Top of Data supplied
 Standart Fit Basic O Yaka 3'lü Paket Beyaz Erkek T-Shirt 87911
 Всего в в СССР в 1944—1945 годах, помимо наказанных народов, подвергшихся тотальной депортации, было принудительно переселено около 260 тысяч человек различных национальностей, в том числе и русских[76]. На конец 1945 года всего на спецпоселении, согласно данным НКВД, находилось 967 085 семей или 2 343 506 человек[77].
Bottom of Data supplied
Top of Data supplied
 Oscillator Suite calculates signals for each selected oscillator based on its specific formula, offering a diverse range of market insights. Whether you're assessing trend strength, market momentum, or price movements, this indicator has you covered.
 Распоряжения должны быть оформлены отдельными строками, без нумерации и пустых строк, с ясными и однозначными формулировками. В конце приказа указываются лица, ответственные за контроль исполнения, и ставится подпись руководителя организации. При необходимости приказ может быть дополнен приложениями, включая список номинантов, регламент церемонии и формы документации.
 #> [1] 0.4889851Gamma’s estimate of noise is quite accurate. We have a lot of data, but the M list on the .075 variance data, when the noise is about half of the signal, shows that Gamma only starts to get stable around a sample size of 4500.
Bottom of Data supplied
Top of Data supplied
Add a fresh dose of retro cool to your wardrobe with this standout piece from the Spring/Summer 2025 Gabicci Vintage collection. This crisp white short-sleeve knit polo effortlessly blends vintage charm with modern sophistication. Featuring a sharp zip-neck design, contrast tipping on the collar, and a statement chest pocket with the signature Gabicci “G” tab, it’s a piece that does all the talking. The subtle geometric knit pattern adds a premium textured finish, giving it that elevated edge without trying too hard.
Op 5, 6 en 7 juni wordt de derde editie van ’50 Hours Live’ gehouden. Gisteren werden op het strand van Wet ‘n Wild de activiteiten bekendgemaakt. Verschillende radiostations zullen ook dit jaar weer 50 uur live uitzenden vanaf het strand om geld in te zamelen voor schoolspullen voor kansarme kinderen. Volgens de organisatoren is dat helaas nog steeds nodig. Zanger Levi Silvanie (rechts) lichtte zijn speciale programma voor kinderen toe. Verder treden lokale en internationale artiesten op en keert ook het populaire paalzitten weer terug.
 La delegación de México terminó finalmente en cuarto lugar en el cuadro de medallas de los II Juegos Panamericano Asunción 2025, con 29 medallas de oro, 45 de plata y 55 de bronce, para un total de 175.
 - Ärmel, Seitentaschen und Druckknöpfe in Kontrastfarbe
Bottom of Data supplied
Try it - Copy out each line of the entries that holds "this".

Problem solution -
 Oscillator Suite calculates signals for each selected oscillator based on its specific formula, offering a diverse range of market insights. Whether you're assessing trend strength, market momentum, or price movements, this indicator has you covered.
Add a fresh dose of retro cool to your wardrobe with this standout piece from the Spring/Summer 2025 Gabicci Vintage collection. This crisp white short-sleeve knit polo effortlessly blends vintage charm with modern sophistication. Featuring a sharp zip-neck design, contrast tipping on the collar, and a statement chest pocket with the signature Gabicci “G” tab, it’s a piece that does all the talking. The subtle geometric knit pattern adds a premium textured finish, giving it that elevated edge without trying too hard.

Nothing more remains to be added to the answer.